_WORK REQUEST_
In the listing below, the lines starting at the line with "Fein -The Voice" and ending at the line with "Isabel Dark Blue" are to be output verbatim. Images stay out of the copy.

_PROVIDED ENTRIES_
********************

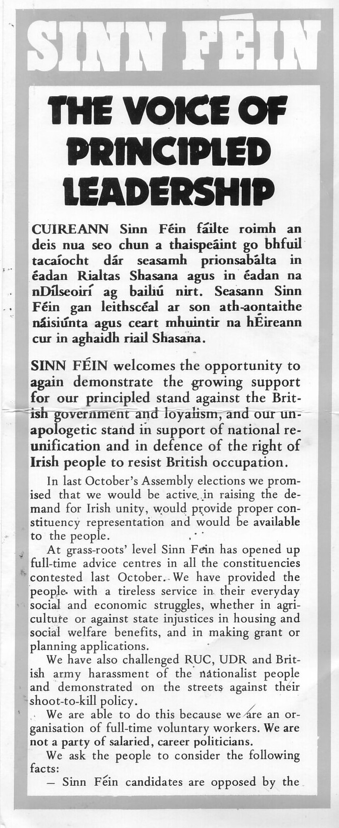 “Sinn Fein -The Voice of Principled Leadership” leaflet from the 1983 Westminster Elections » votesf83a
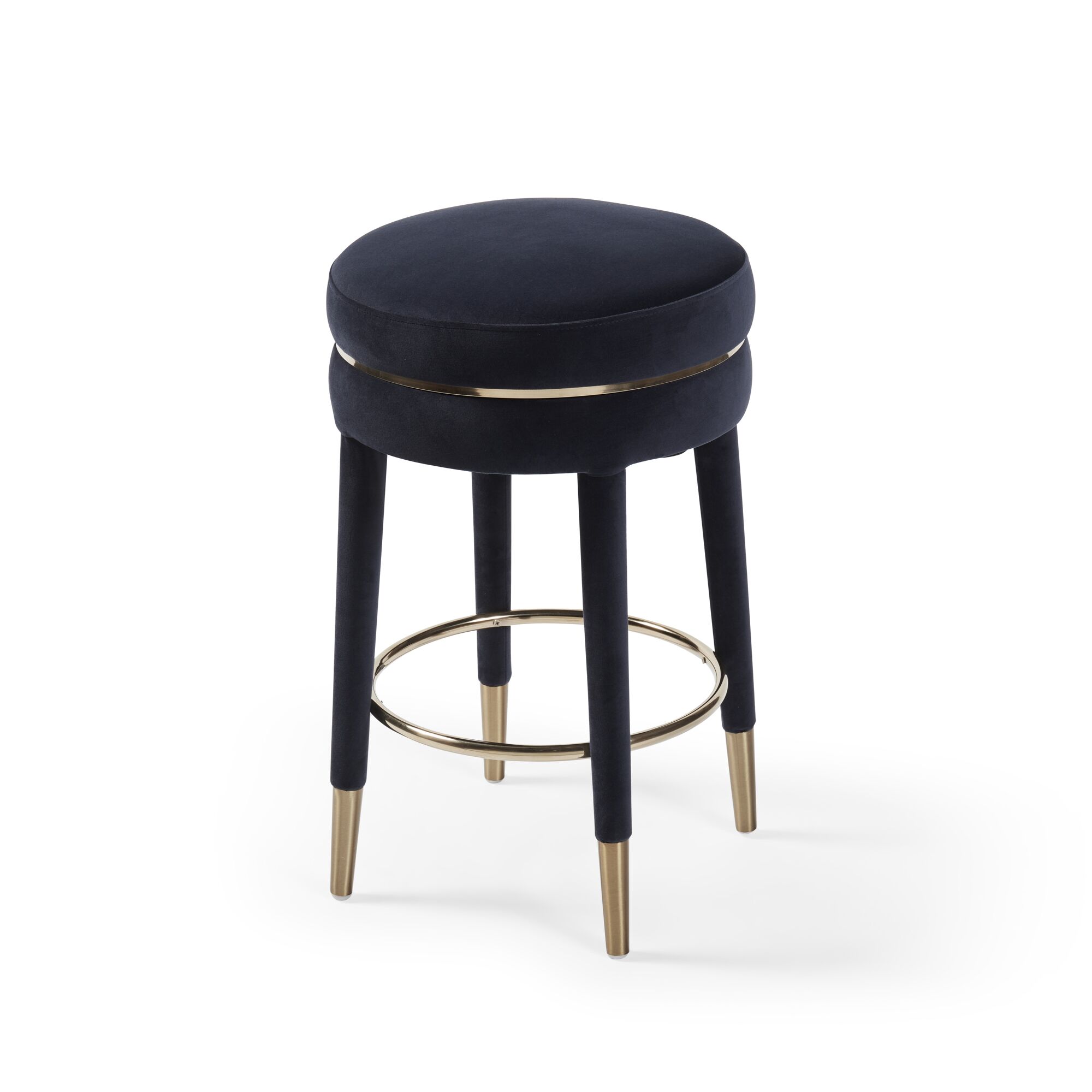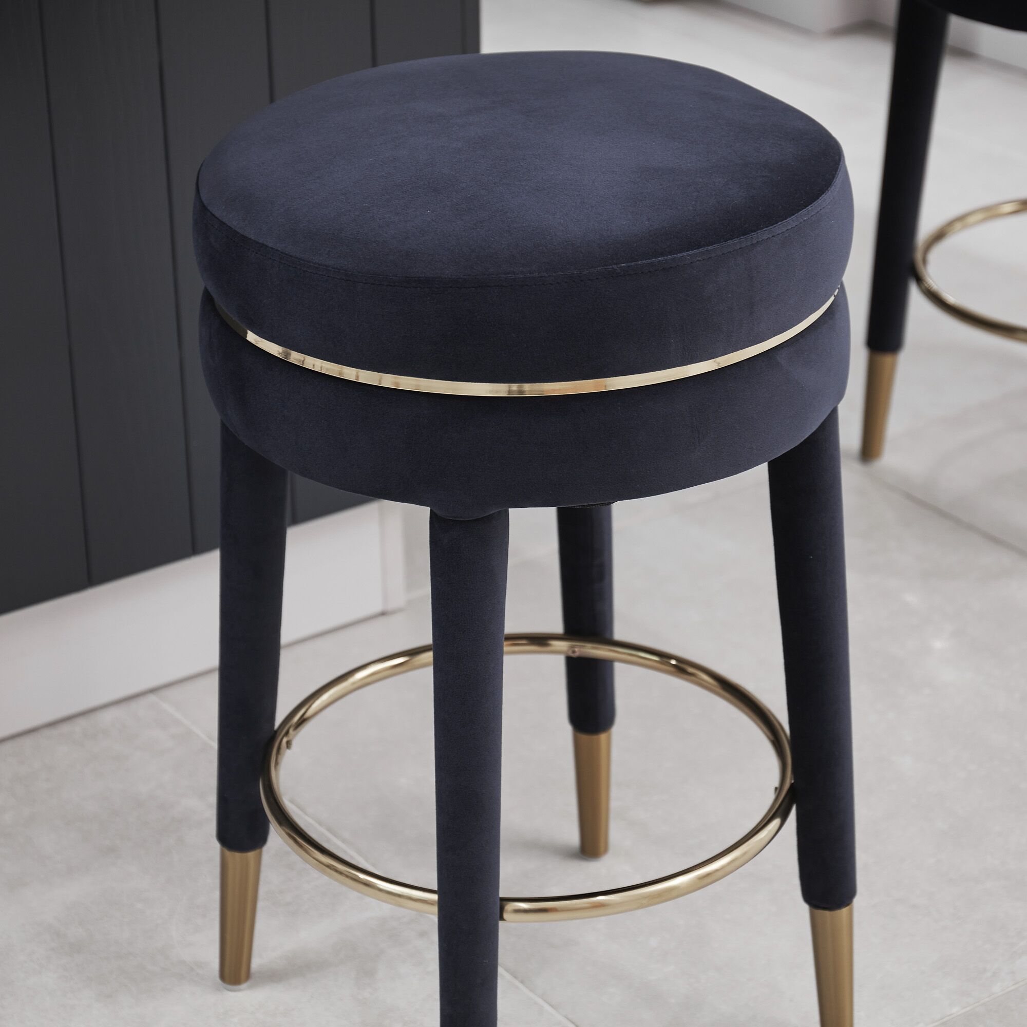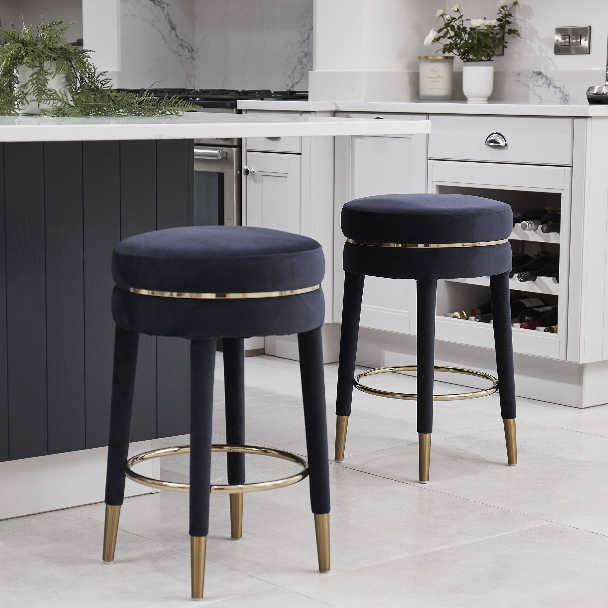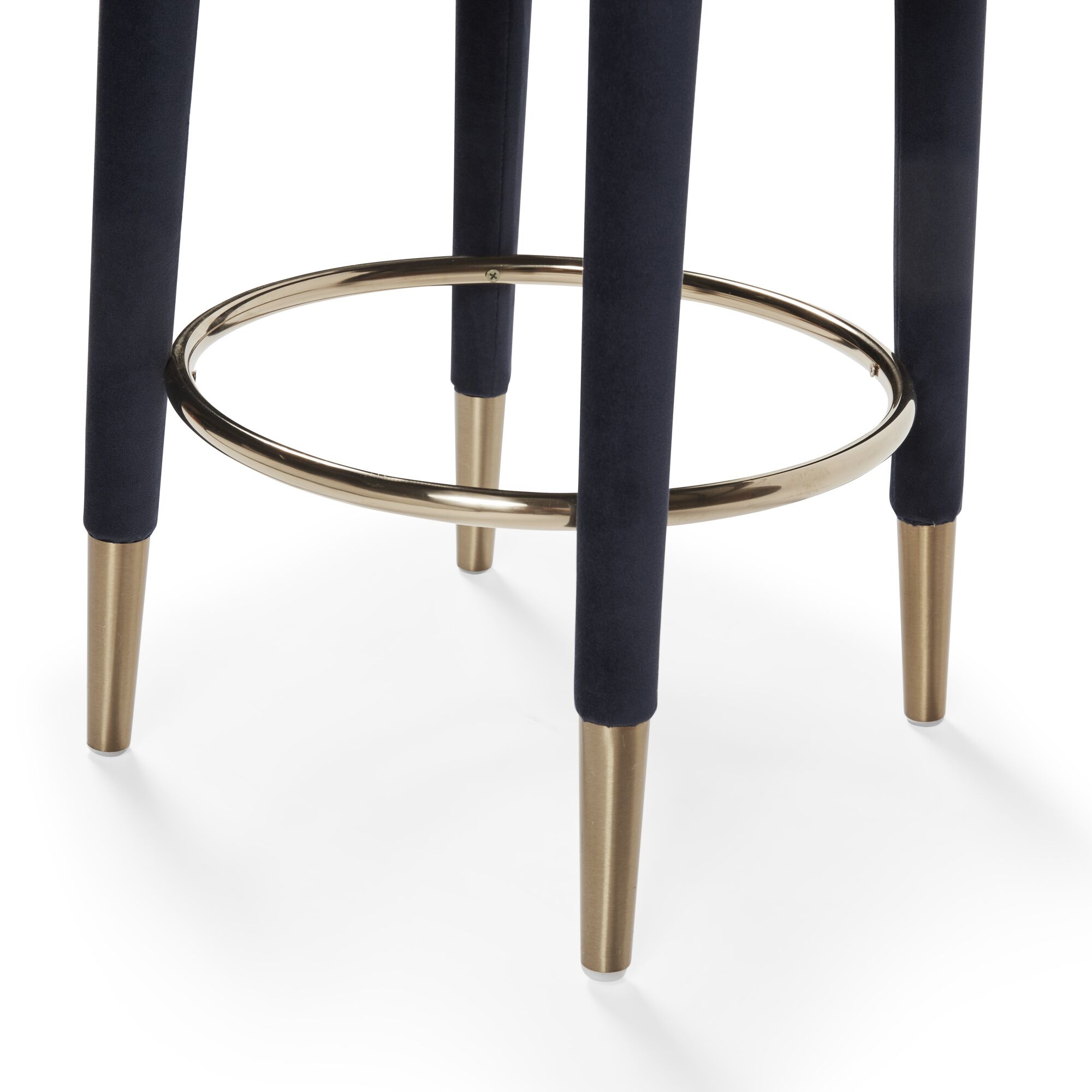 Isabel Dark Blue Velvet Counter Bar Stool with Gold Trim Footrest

********************

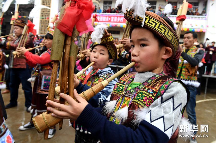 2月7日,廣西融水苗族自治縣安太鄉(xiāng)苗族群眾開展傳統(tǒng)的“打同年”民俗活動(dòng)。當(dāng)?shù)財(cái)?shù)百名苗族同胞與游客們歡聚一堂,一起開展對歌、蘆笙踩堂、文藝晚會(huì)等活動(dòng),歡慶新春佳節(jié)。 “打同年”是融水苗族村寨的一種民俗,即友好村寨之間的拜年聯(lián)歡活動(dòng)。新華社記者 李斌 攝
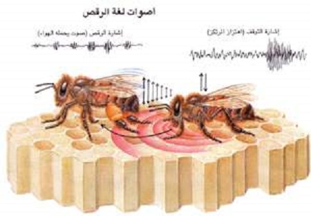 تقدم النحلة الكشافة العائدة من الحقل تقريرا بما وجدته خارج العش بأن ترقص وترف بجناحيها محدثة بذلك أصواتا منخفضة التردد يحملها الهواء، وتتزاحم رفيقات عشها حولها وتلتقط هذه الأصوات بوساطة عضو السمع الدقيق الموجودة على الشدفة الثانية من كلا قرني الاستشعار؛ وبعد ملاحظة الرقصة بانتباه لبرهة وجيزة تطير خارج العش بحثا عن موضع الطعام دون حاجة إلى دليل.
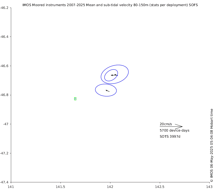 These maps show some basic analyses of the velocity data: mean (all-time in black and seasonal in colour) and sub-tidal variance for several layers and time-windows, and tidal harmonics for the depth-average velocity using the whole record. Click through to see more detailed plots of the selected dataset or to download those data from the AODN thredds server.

********************

_FINISHED EXERCISE_
 “Sinn Fein -The Voice of Principled Leadership” leaflet from the 1983 Westminster Elections » votesf83a
 Isabel Dark Blue Velvet Counter Bar Stool with Gold Trim Footrest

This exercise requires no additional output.